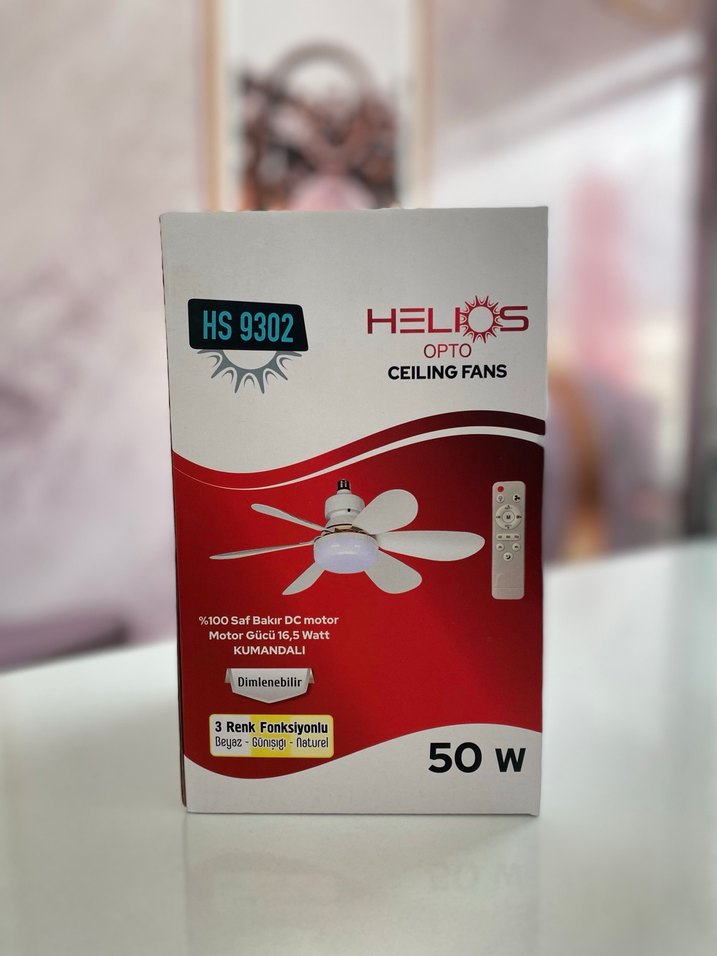 Helios tavan vantilatörü 50W güçte, 3100 RPM saf bakır DC motorludur. Kumandalı ve bej, gri, naturel olmak üzere 3 renk fonksiyonuna sahiptir. Dimlenebilir özelliktedir. ️
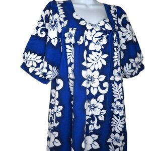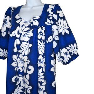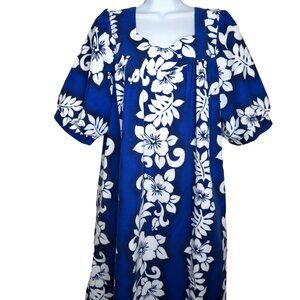 Vintage Hawaiian Maxi Muumuu Aloha Dress Womens L Blue Hibiscus Short Sleeve
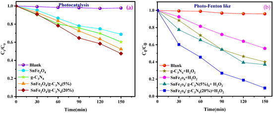 (a) Adsorption of BCB by SnFe2O4/g-C3N4; (b) Fenton-like, photocatalytic, and photo-Fenton-like of BCB in the presence of SnFe2O4/gC3N4.
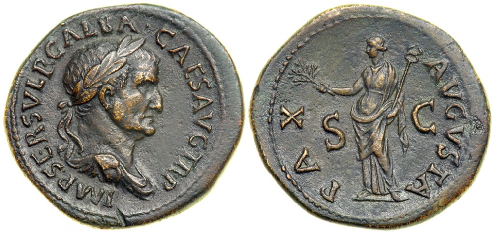 I've recently added another bronze to my collection. I have been looking for a Galba as for some time, having missed an opportunity to acquire a good one about a year ago. Since there haven't been any candidates recently, I decided to accept a dupondius as a representative for a "small bronze" in place of an as: GALBA 68 - 69 A.D. AE Dupondius (13.55 g.) Rome 68 AD IMP SER SVLP GALBA - CAESAR AVG TR P Laureate and draped bust r. Rev. PAX AVGVSTA Pax standing left, holding olive branch and caduceus; S - C in field RIC 320 The portrait style on this coin seems pretty good and compares favorably with the few other small bronzes of Galba that I've I've run across in the last year or so. The only thing I'm not sure of is whether Galba is adorned with a laurel wreath (which would make it RIC 320) or an oak wreath (which would make it RIC 321). I think it's a laurel wreath, correct? The seller had this coin incorrectly attributed as RIC 247, which is completely wrong.
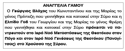Αναγγελία γάμου Γεώργιου Βλάχου και Ελπίδας Γαδ Κείμενο Βλέπε εικόνα Αριθμός Φύλλου: 5146 Κατηγορία: Αναγγελία Γάμου
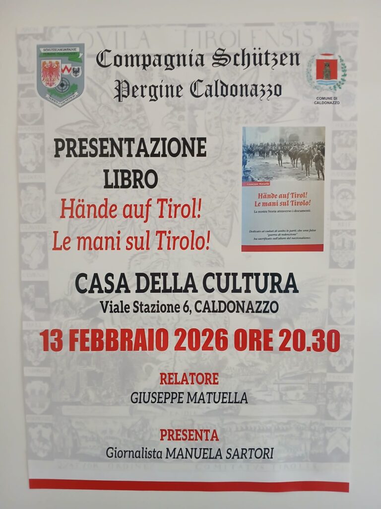 E questa volta, Giuseppe Matuella „gioca“ praticamente in casa: la presentazione di „Hände auf Tirol / Le mani sul Tirolo“ è infatti in programma a Caldonazzo, per l’organizzazione della Compagnia Schützen Pergine Caldonazzo.
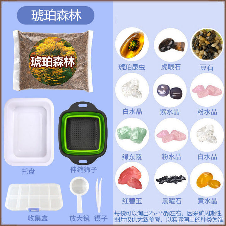 Children's Treasure Hunt Adventure Toys Natural Crystal Rough Stone Agate Amber Gem Set Digging Gems Ore Puzzle
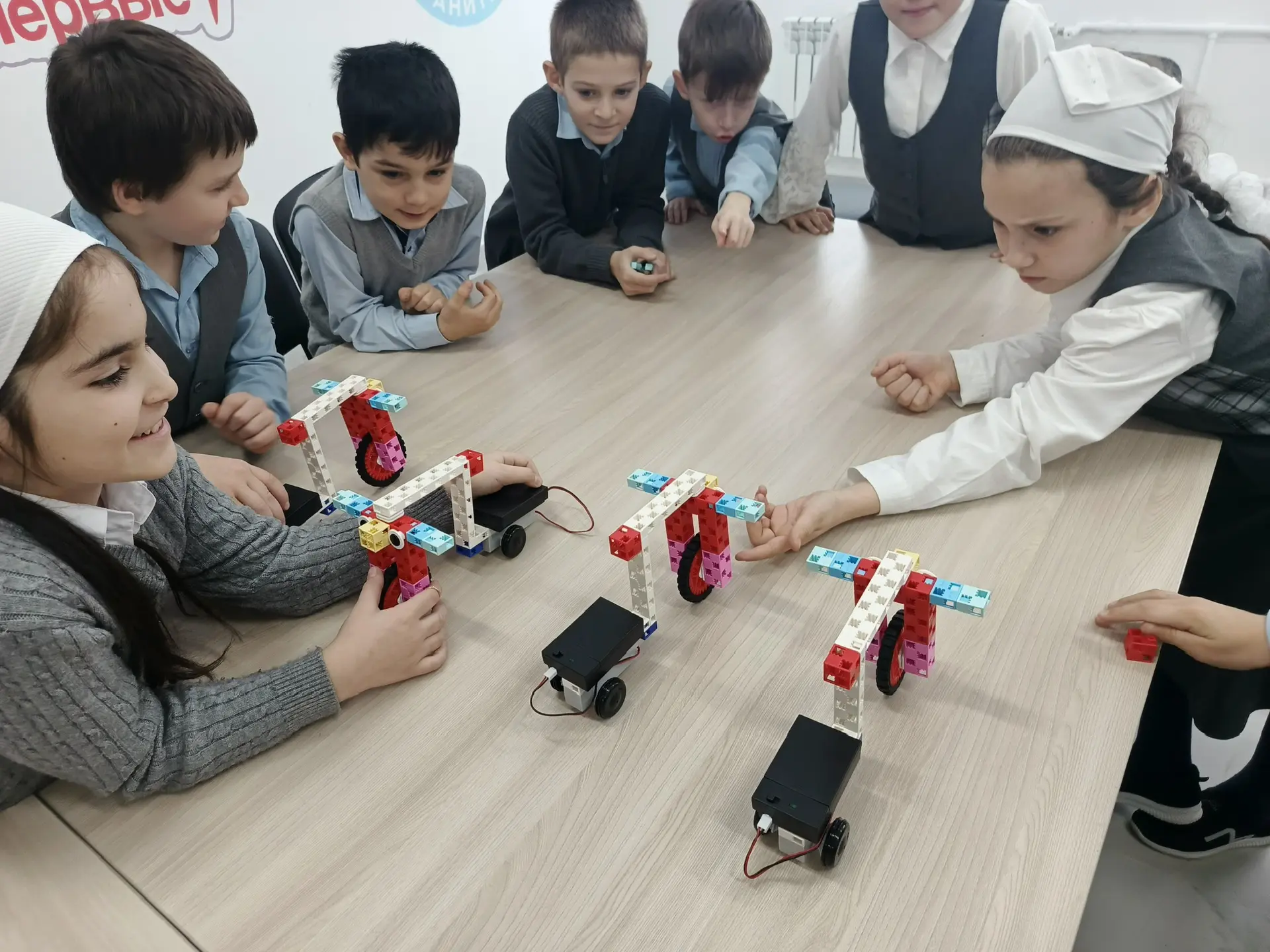 Ребята не только собрали роботов, но также провели соревнования между ними.
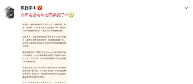 以台积电的产能,在笔者看来华为Mate 40系列旗舰如期发布不成问题,但对新品的现货供应能否坚持到2021年的下半年就不得而知。据外媒报道,台积电似乎已经确认在2020年的第四季度,全面撤销华为海思的芯片订单。
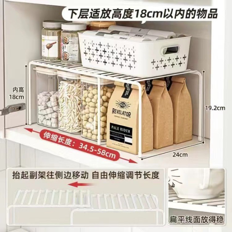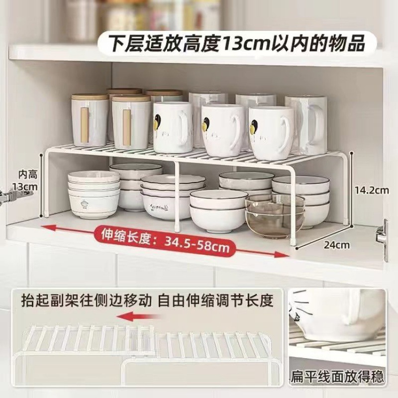 캐비닛 내장형 확장형 선반 주방 계층형 칸막이 캐비닛 양층 수납 선반 조미료 및 접시
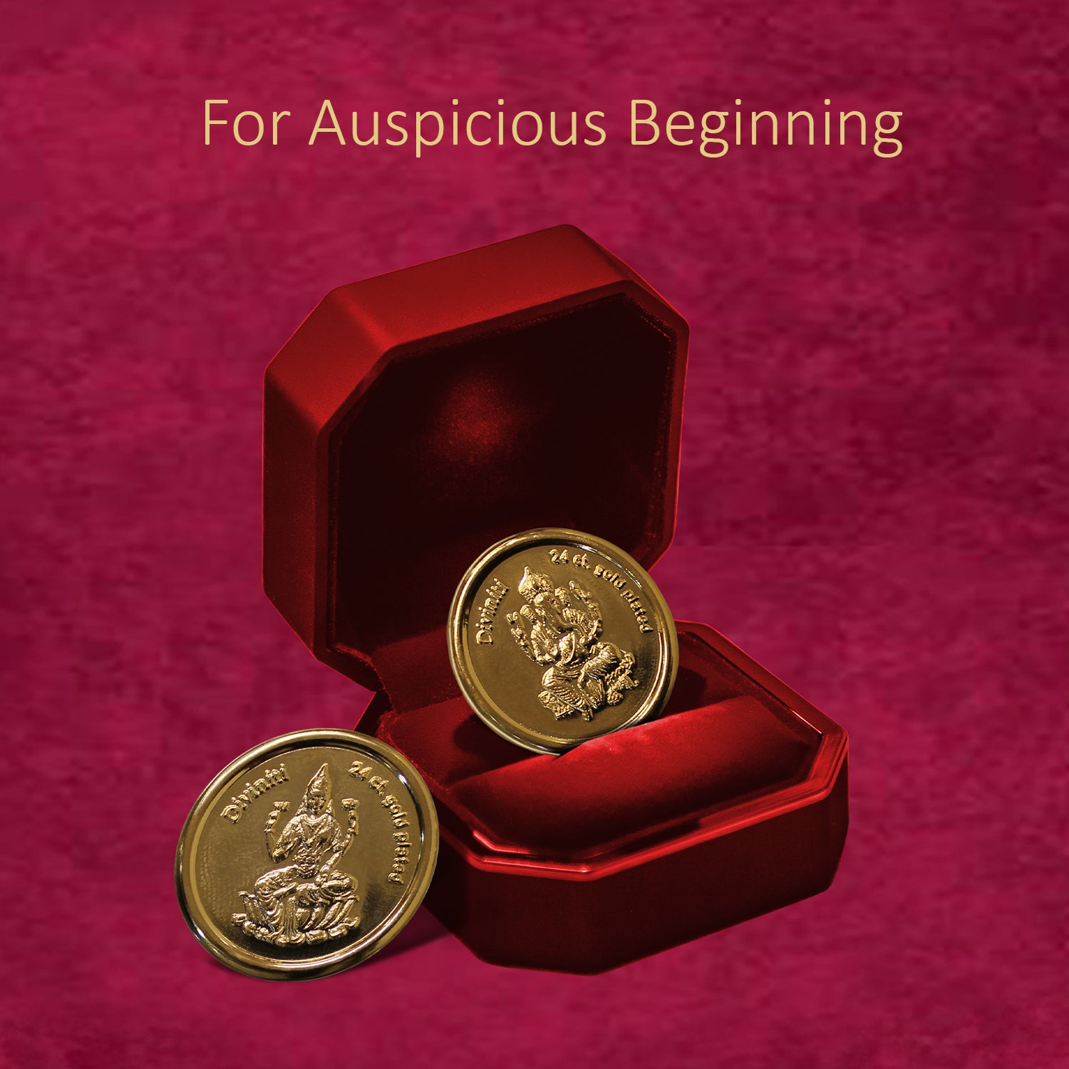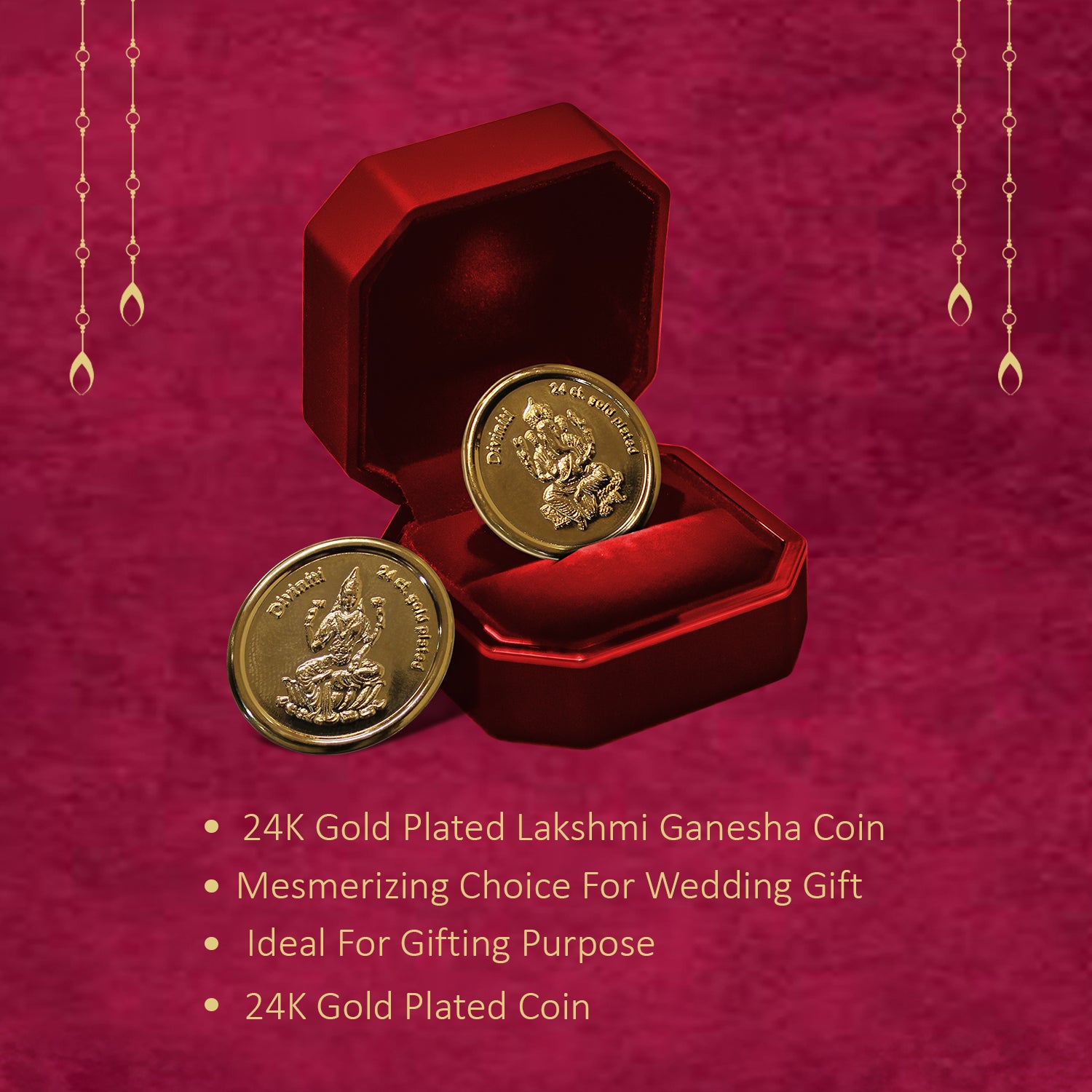 The radiant gold plating accentuates the intricate details of Goddess Laxmi and Lord Ganesha, symbolizing wealth, fortune, and auspicious beginnings. This coin transcends material value; it becomes a conduit for bestowing blessings upon the recipient. Whether exchanged during weddings, festivals, or auspicious ceremonies, this gold-plated coin carries with it the promise of divine prosperity.

──────

What the task asks:
Please retype exactly the lines from the one containing "캐비닛 내장형 확장형" through the last line of the records, both included, leaving out every picture.

Response area:
 캐비닛 내장형 확장형 선반 주방 계층형 칸막이 캐비닛 양층 수납 선반 조미료 및 접시
 The radiant gold plating accentuates the intricate details of Goddess Laxmi and Lord Ganesha, symbolizing wealth, fortune, and auspicious beginnings. This coin transcends material value; it becomes a conduit for bestowing blessings upon the recipient. Whether exchanged during weddings, festivals, or auspicious ceremonies, this gold-plated coin carries with it the promise of divine prosperity.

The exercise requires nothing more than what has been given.